Для Вителлия пир не был простым и легким обедом. Были заложены целые провинции, опустошено море, чтобы достать главные элементы торжества[19]. Смелые рыболовы провели ночи на бурных волнах для того, чтобы гигантский палтус мог сверкать своей серебряной чешуей на императорском столе в широком золотом блюде. Не один лесистый холм, покрытый дубами, оглашался завываниями своры и криками охотников, старавшихся убить вепря около болота и сделать его огромное тело центральным блюдом, хотя и предназначенным только для того, чтобы придать полноту картине. Даже фазан, зажаренный со всеми своими перьями, был слишком грубым мясом для эпикурейцев, изучавших искусство гастрономии под управлением цезаря. Тот, кто мог наслаждаться не одним только запахом этого кушанья, считался человеком с крайне грубым вкусом. Тысяча соловьев была приготовлена для ужина, но и от них брали только мозг и язычки. Зажаренное заячье бедро считалось уже слишком обыкновенным кушаньем для императорского стола.

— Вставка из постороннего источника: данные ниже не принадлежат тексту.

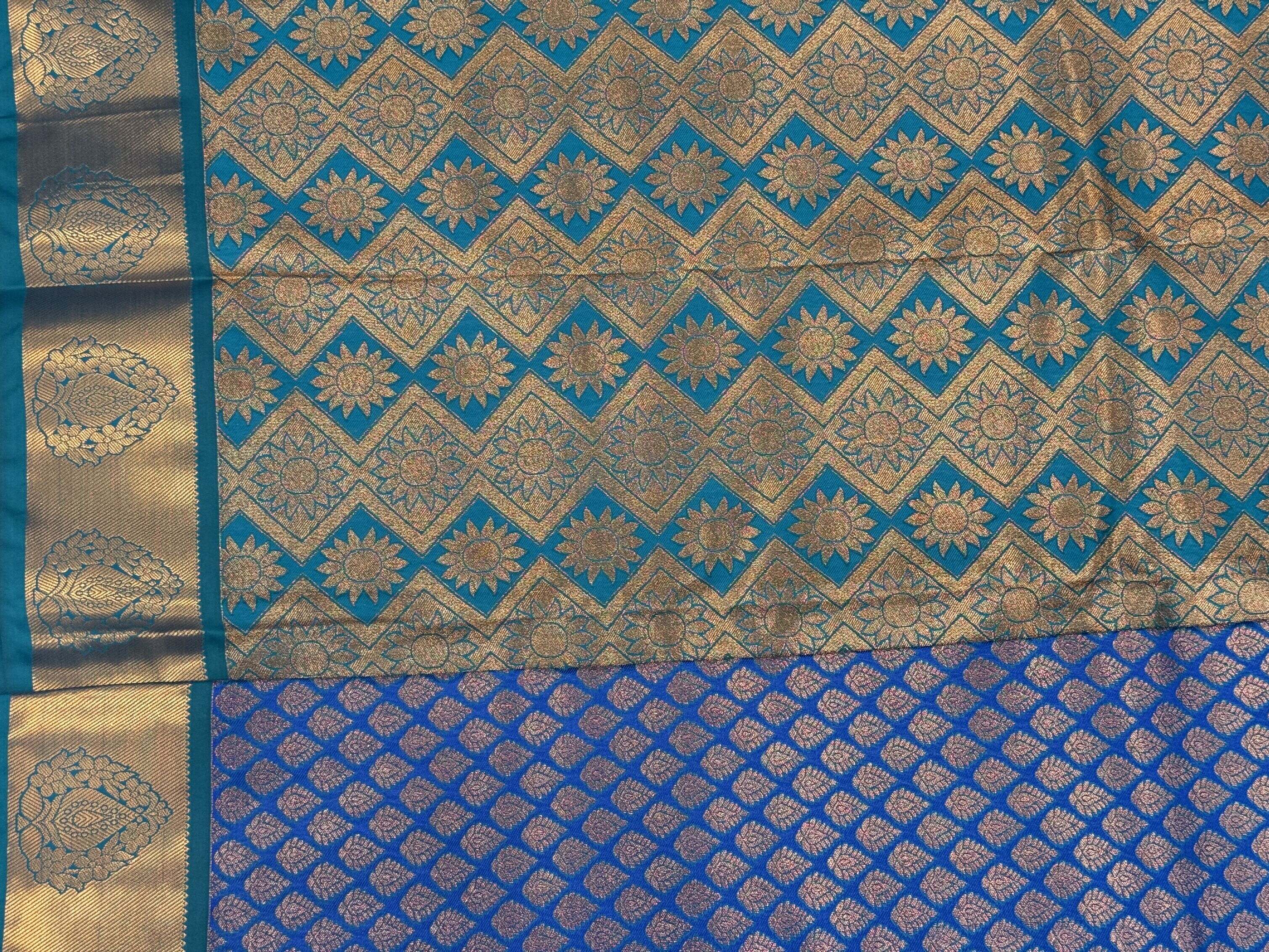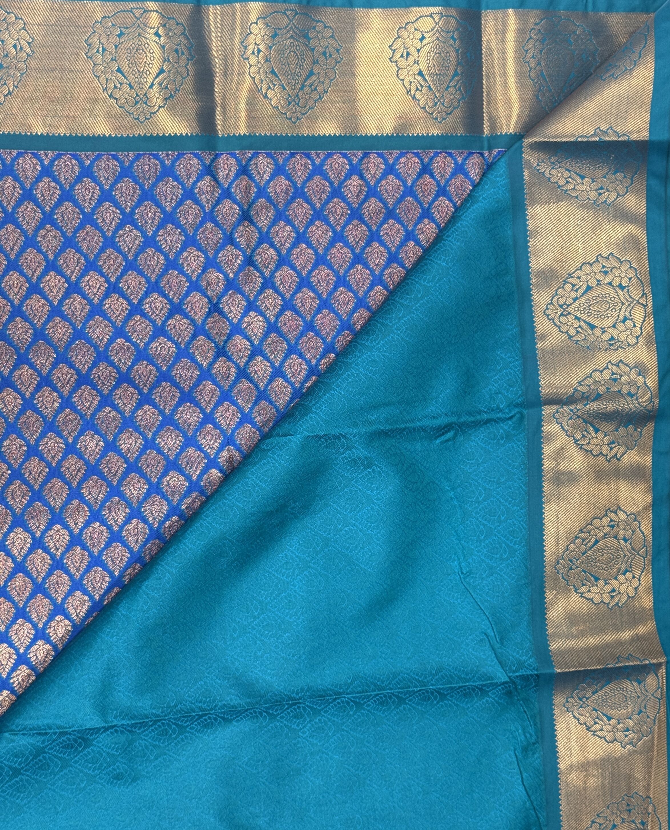 Ink Blue Silk Saree with Peacock Green Golden Zari Border in 6 Inches with Motif Pattern. Printed Peacock Green Blouse with Golden Zari.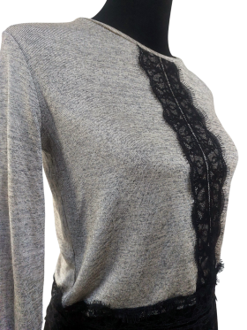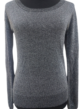 كنزة صوفية (Sweater) تلبس من فوق الرأس (Pullover) - خط عنق دائري، بدون ياقة، كتف عادي، أكمام طويلة عادية (Plain) - رمادي, M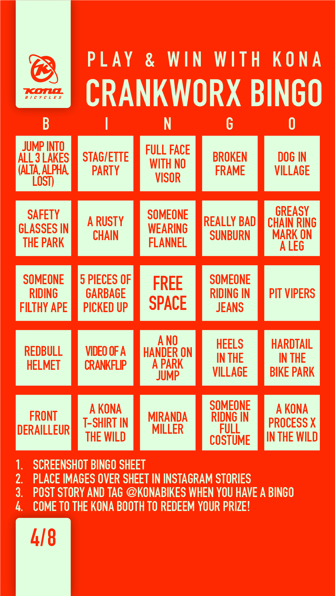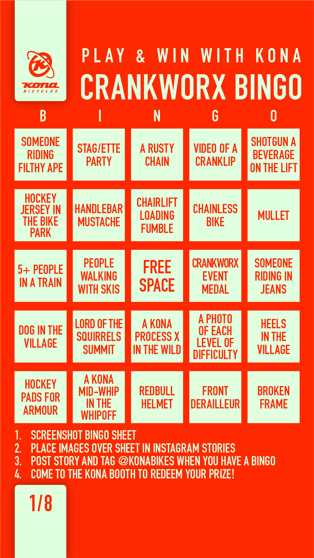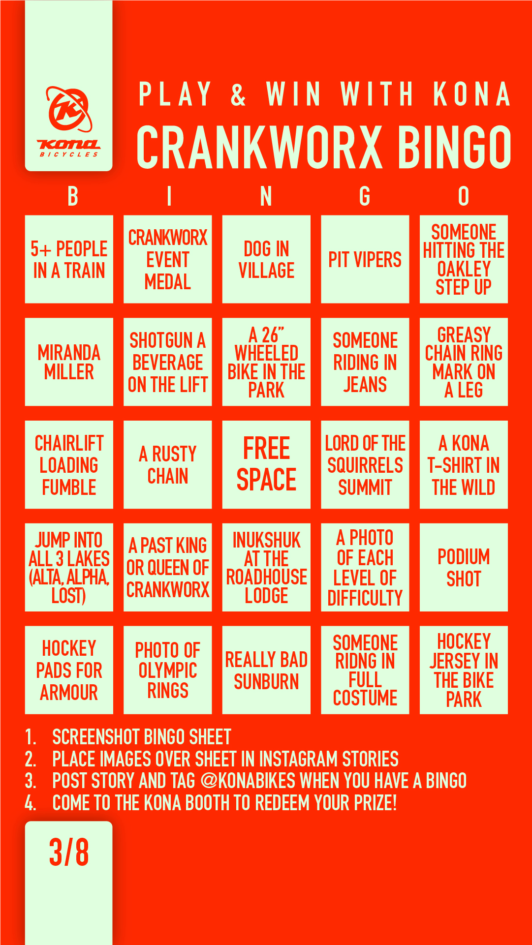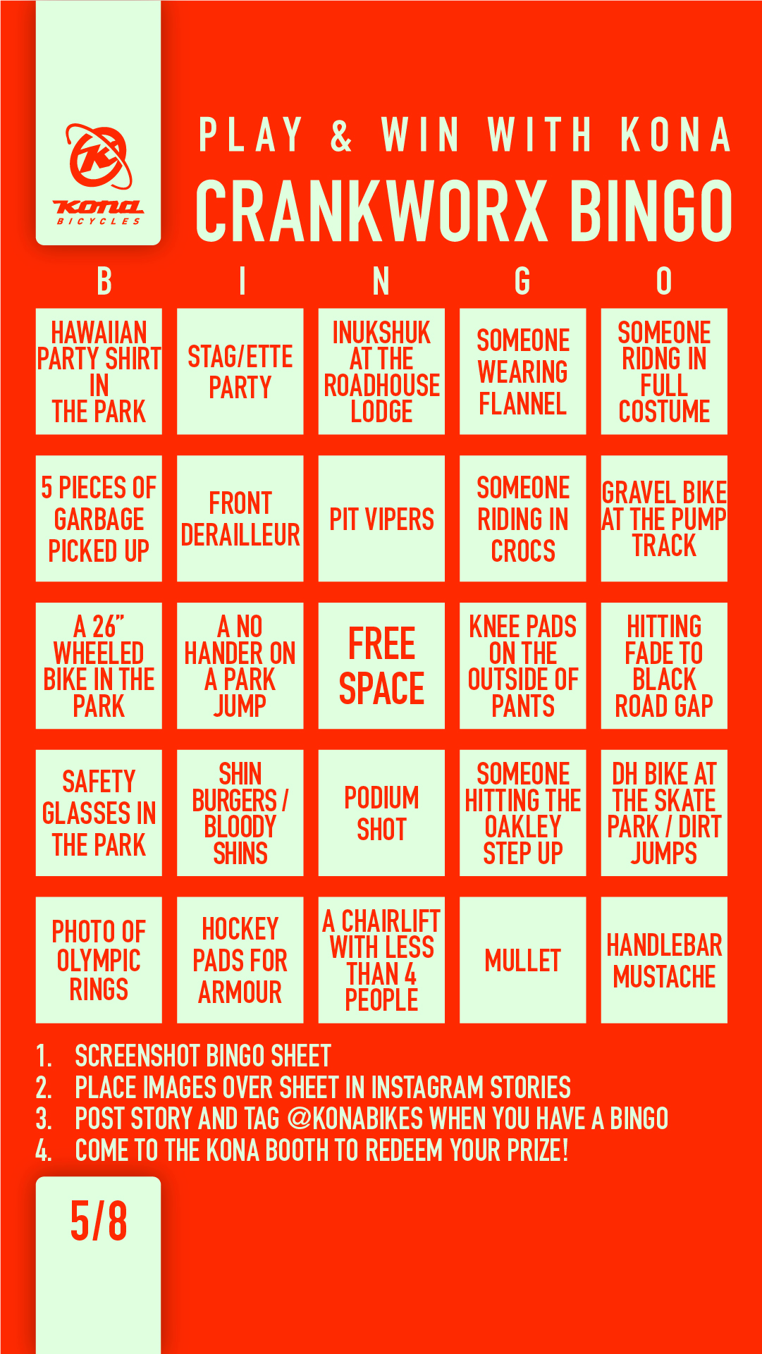 Crankworx Bingo is here! This is your chance to win some sweet Kona prizes! Simply download our digital bingo card and play on your phone or stop by the Kona booth for a physical card! To play on your phone you’ll need to post photos of tasks on your card in an Instagram story and tag @konbikes. When you hit your bingo, stop by the Kona booth near the Blackcomb Gondola and we’ll hook you up with some swag. Bingo is open to everyone attending Crankworx and you’ll need to hang in the village and up in the park in order to win! Be on the lookout for Kona athletes, certain Kona bikes, Kings and Queens of Crankworx, stag/ette parties, bears, dogs and so much more!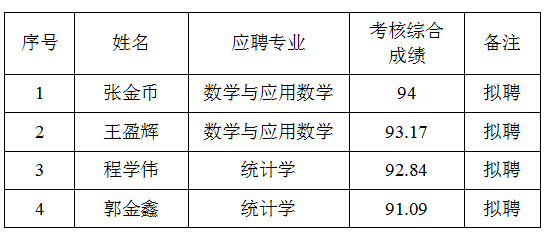 根据公司专任教师招聘相关文件,经公司专任教师招聘考核小组考核、同行专家学术水平评议,综合“学术评议”和“教学水平及综合素质考核”成绩,公司党政联席会议研究,现将考核结果公示如下: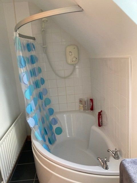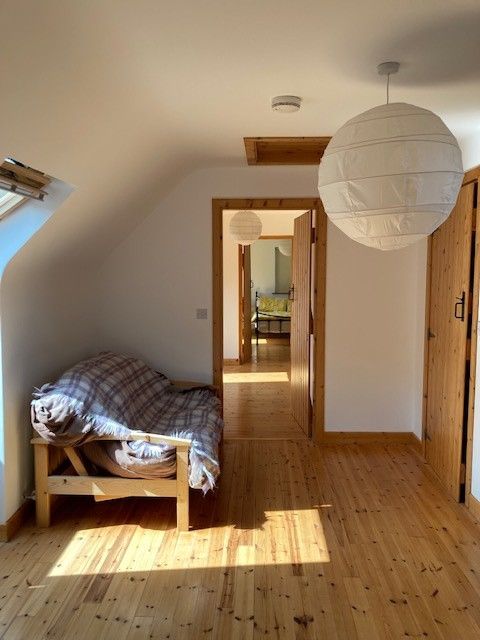 Also downstairs you will find another sitting room with TV and open fire & 2 bedrooms – a double & twin. There is a family bathroom with shower in the bath. Upstairs there is a large landing area with 2 large double bedrooms both en-suite.
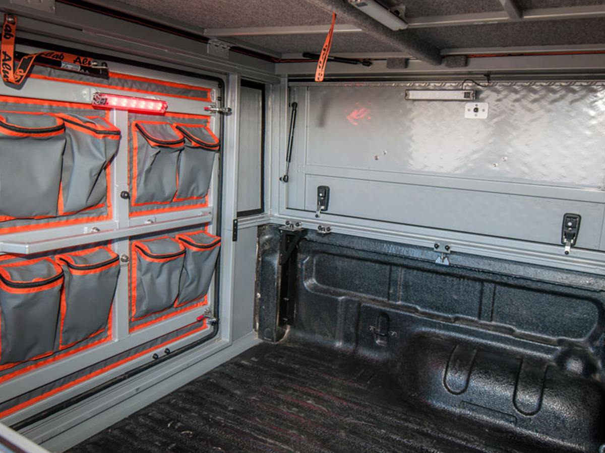 Avec sa grande porte arrière et les deux panneaux latéraux ouvrants, le Hardtop Canopy Camper offre une large gamme d’options pour personnaliser l’intérieur.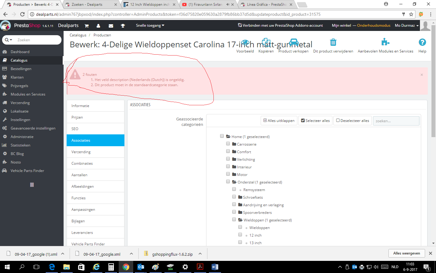 ik kan   producten  niet verplaatsen  van categorie naar een subcatergorie  krijg deze  fout melding  .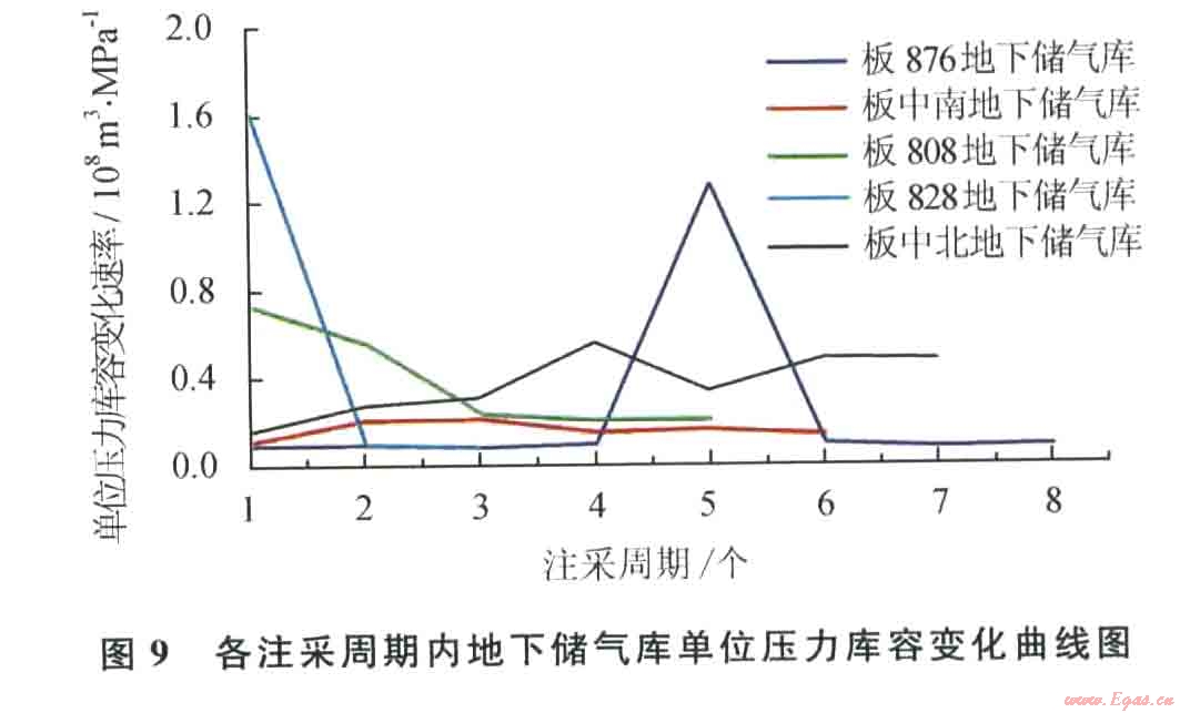 盡管地下儲(chǔ)氣庫的達(dá)容過程具有前快后慢的特點(diǎn),但地下儲(chǔ)氣庫從第2注采周期開始,單位壓力下庫容的變化量即彈性庫容率卻基本維持在一個(gè)穩(wěn)定值,盡管不同地下儲(chǔ)氣庫的該數(shù)值不同,但同一地下儲(chǔ)氣庫彈性庫容率基本穩(wěn)定的規(guī)律相同。地下儲(chǔ)氣庫單位壓力庫容變化曲線圖9所示。同理,在圖3~7中每個(gè)地下儲(chǔ)氣庫不同注采周期的曲線斜率也基本相同,反映每一個(gè)地下儲(chǔ)氣庫在壓力運(yùn)行區(qū)間內(nèi)單位壓力變化所波及的有效孔隙空間容積基本不變。由此推測,實(shí)際上地下儲(chǔ)氣庫內(nèi)的氣水與地下儲(chǔ)氣庫外部的弱水體總體上組成了同一氣水系統(tǒng),類似于定容氣水系統(tǒng)的特征。以板876地下儲(chǔ)氣庫為例,在地下儲(chǔ)氣庫生產(chǎn)運(yùn)行的8個(gè)注采周期中,除第5注采周期生產(chǎn)管理因素外,其余各注采周期的彈性庫容率基本相同,無論庫容增速快慢或庫容量大小變化,但彈性庫容率卻基本不變。但板中北地下儲(chǔ)氣庫卻是個(gè)特例,其具有較強(qiáng)的邊部水體,在地下儲(chǔ)氣庫生產(chǎn)運(yùn)行的7個(gè)注采周期中,隨著注采周期增加庫容量逐漸增大,同期彈性庫容率也逐漸增大,反映了強(qiáng)邊水地下儲(chǔ)氣庫的庫容率變化規(guī)律。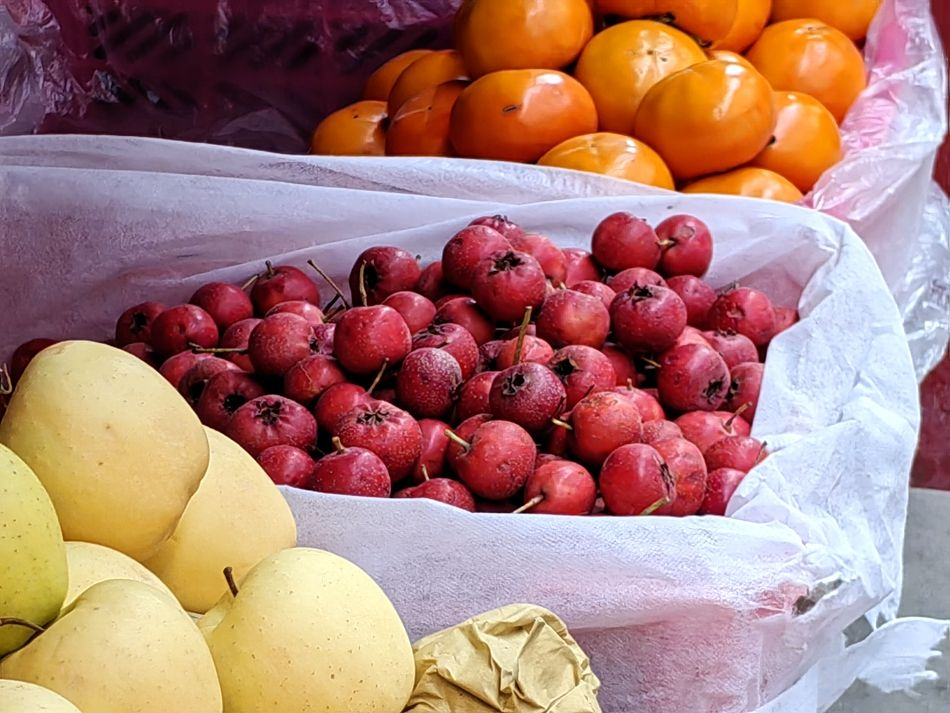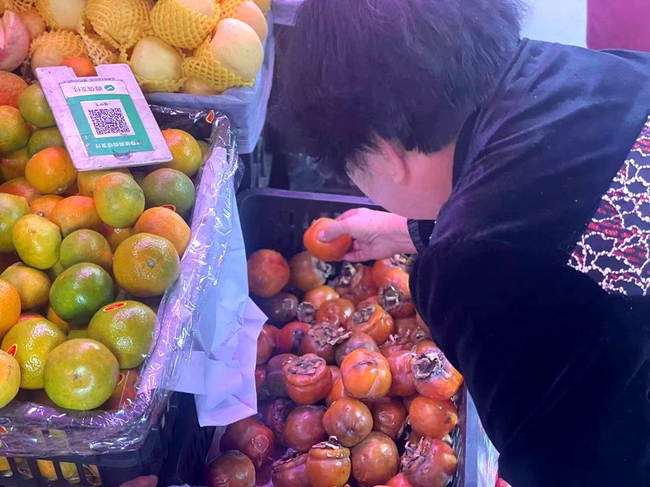 “霜降以后,我們這邊的柿子就大量上市了,這個是新品種,不用水漿直接就可以吃,口感比較偏脆甜,這個是越放越好吃,買的人挺多,挺受大家歡迎的。”某水果攤位老板張帥說。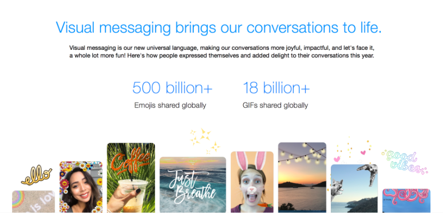 Visual messaging is now our new universal language, making our conversations more joyful, impactful, and let’s face it, a whole lot more fun! This year we continued investing in our powerful and fast camera, pre-loaded with thousands of stickers, frames and other effects to make your conversations better than ever. Here’s how people expressed themselves and added delight to their conversations this year: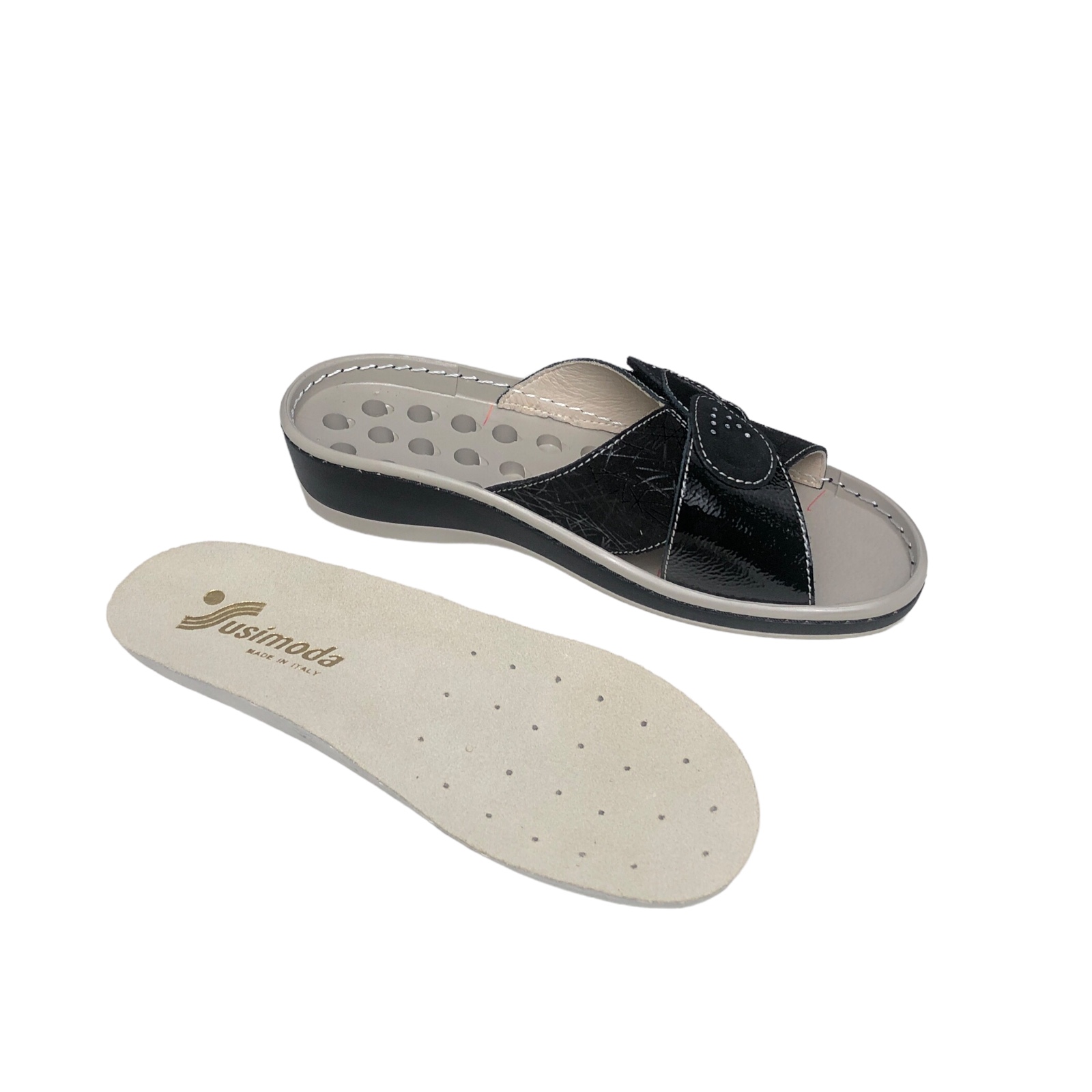 SUSIMODA COD.1902P011 CIABATTE COMODE DONNA STICK EST/NAPLAK COL.NERO

За столом из слоновой кости расположились двенадцать гостей, таким образом, что каждому из них можно было видеть амфитриона со своего места. Цезарь был во всей своей славе. Гирлянда из белых роз окаймляла его бледное и опухшее лицо, придавая ему болезненный отпечаток. Черты его лица некогда были красивы и изящны, и в них можно было прочитать ум, энергию и живость. Теперь глаза его казались потухшими, и под ними из выцветшей кожи образовались мешки; челюсти сделались огромными и неуклюжими и придавали выражение идиотской чувственности всему его лицу, прояснявшемуся только при появлении любимого блюда или при запахе редкого вина. В этот момент с грубой и прожорливой жадностью свиньи он был углублен в свое занятие и, опираясь на дряблую руку всем своим огромным туловищем, облеченным в очень широкую белую одежду, другой рукой пожирал горький салат, соленые селедки и анчоусы. Эти и другие возбудительные средства всегда подавались в Риме при первой смене блюд, с целью возбудить аппетит, который должна была удовлетворить остальная часть обеда. От времени до времени он окидывал взглядом всю свою обширную залу и всматривался в мраморные столбы, багряные обои, переполненные плодами и цветами вазы, сверкающие кубки, бокалы и блюда из полированного золота, как будто ожидая и боясь, чтобы кто-нибудь его не ударил. Но этот беспокойный взгляд немедленно падал на стол, и властелин снова погружался в наслаждение своим любимым занятием.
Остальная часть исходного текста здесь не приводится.